Back to ‘money’, is Bitcoin a fertile ground for returns? Caroline explained that Bitcoin cannot be treated as a currency or an investment. It is simply speculation. Transactions are costly and commissions on trading are high. Caroline left us to ponder the power consumption of Bitcoin with each transaction consuming more electricity than most households consume in three weeks. Suffice to say we are not invested in Bitcoin right now.
Wrapping up, Caroline explained that the Courtiers multi-asset funds are well diversified across equities, bonds and defensive positions such as equity index put options, cash and infrastructure.

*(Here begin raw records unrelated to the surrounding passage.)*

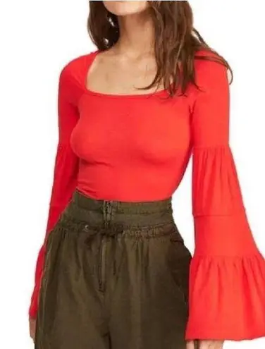 Babetown Bell Sleeve Top in a gorgeous orange color. Features dramatic bell sleeves which add vintag... Show more
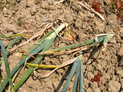 Pendant la culture de l'oignon, éliminez les mauvaises herbes et binez régulièrement entre les rangs. Les jours de sécheresse, apportez de l'eau à vos pieds sinon l'arrosage n'est pas nécessaire.
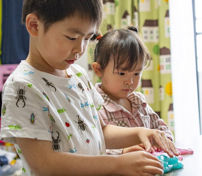 「手で触る、目で見る、頭で考える」などブロックや絵画などの年齢合わせたクリエイティブ教育をプログラムとして取り入れ、年齢に合わせた目標や支援内容に加え、子どもたちが自ら考えて取り組む能動的な活動を重視しています。
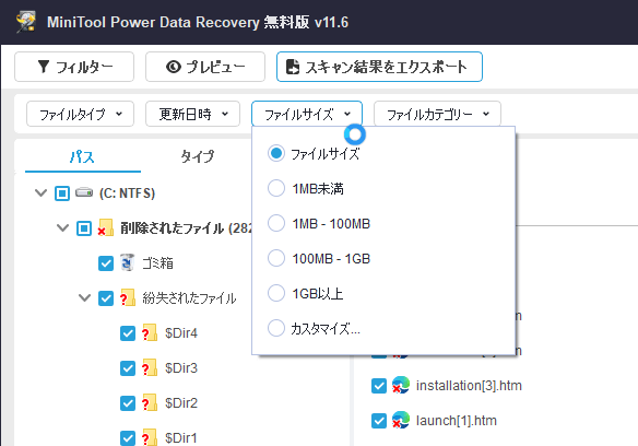 1MB 、1MB~100MB、100MB~1GB、1GB以上から選択、もしくはサイズを指定して絞り込みができます。
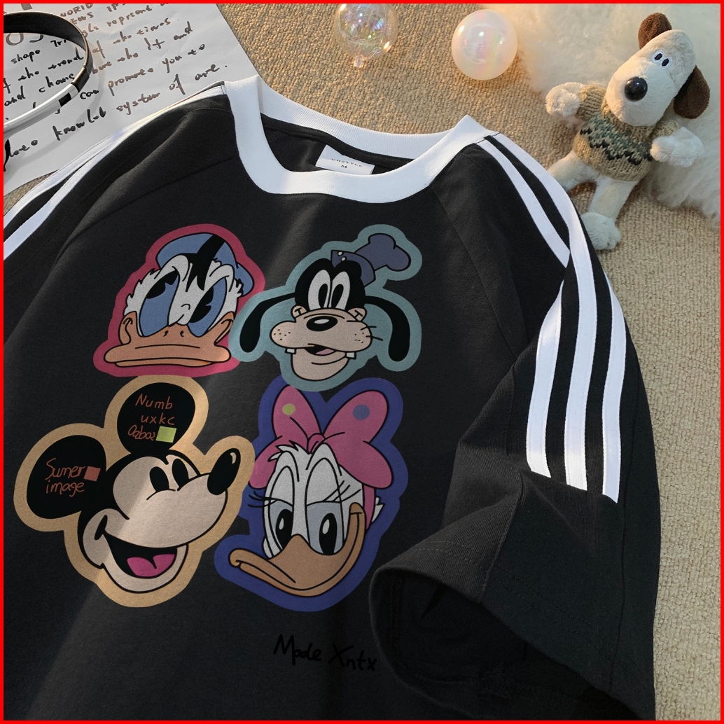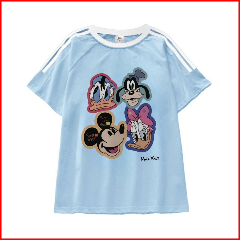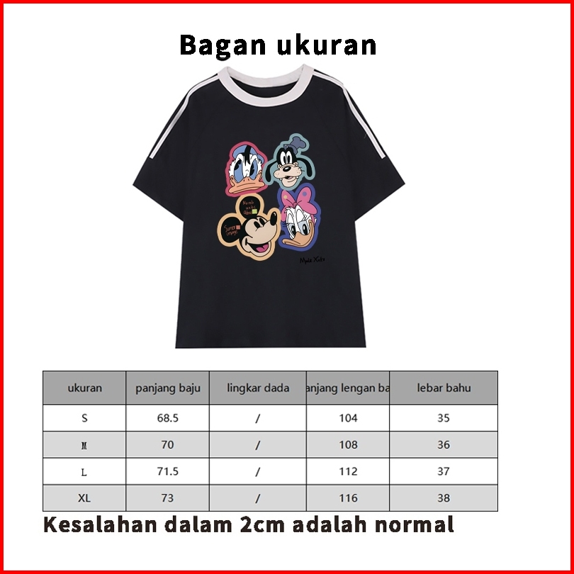 Forteid Cetakan Merek Trendi Retro Baju Oversize Bergaris Bahu Korean Style Kaos Longgar

Has the UK economy gone stagnant?
Chief Investment Officer Gary Reynolds kick-started with some depressing statistics, first highlighting that the forecast from the UK Office for Budget Responsibility (OBR) for gross domestic product growth dropped from 2.4% pa in March 2015 to 1.4% in Nov 2017.

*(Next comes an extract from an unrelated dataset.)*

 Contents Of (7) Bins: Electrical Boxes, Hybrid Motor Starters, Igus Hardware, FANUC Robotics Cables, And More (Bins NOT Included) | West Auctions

There’s been a reduction in productivity. More young adults live with their parents for more years than ever before. Why? Is the housing market broken? Are wages stagnant? Is there a problem with trade imbalance?
The cost of buying a property against income showed that an adult today would be looking on average at an outlay of 443% of annual income to get on the property ladder. Add to this the fact many students walk into ‘the real world’ already in significant debt, and there’s little wonder Labour attracted a great volume of young voters in the recent snap election. Younger generations are disenfranchised by the lack of opportunity compared to those in previous years.
Where are we going?
In the 1700s, agriculture made up 56% of the entire UK workforce. Agricultural innovation over the following three centuries reduced this down to just 1% in 2015.

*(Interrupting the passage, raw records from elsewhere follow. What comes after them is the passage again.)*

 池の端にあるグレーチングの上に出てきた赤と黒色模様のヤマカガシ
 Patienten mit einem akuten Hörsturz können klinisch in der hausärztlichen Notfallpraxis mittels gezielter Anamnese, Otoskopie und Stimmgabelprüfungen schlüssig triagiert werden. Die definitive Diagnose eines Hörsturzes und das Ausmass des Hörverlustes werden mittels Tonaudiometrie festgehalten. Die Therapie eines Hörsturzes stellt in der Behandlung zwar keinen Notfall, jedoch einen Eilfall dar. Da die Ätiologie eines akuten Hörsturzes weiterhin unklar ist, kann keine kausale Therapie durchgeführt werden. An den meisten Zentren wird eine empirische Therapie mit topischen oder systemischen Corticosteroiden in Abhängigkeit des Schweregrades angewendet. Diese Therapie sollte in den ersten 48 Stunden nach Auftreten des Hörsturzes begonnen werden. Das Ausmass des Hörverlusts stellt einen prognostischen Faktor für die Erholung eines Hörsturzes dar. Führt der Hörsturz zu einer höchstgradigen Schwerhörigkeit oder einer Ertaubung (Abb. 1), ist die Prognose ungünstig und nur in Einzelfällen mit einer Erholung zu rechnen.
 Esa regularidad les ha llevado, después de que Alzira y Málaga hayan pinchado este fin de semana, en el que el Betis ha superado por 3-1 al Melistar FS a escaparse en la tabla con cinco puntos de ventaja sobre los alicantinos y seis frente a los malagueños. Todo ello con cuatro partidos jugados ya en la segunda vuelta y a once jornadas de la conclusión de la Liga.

Chart 3: Composition of UK Workforce in 2015
Industry covered 22% of the workforce in 1700s, reducing to 20% in 2015 while services took the lion’s share with 79% in 2015, up 57% over 300 years.
This continues. Technology is now driving evolution of the industrial workforce: machine-learning and AI based electronics are reducing the need for manual labour within factories and warehouses. We continue to move towards a service based future.
Serving the Future, by Inventing it
Humans are incredibly innovative and will shape the future of the UK and our world (China, Europe and the US are all experiencing growth). With around 1/3rd of global innovations over the last 200 years sparking from Great Britain…from streetlights and railroad tracks in the early 1800s to biological scientific breakthroughs and the world wide web in the mid-late 90s, we have the ambition and the skill sets to bounce back.
While change is far-reaching across many industries at the moment, it will all come together to change the whole world in motion. This makes fertile ground for intelligent minds to help steer the inevitable evolution of humankind.
Thanks to all our presenters and clients who attended and shared feedback (by email and post) following this year’s seminars. We appreciate it very much and look forward to presenting again in 2018. Dates will be announced once confirmed.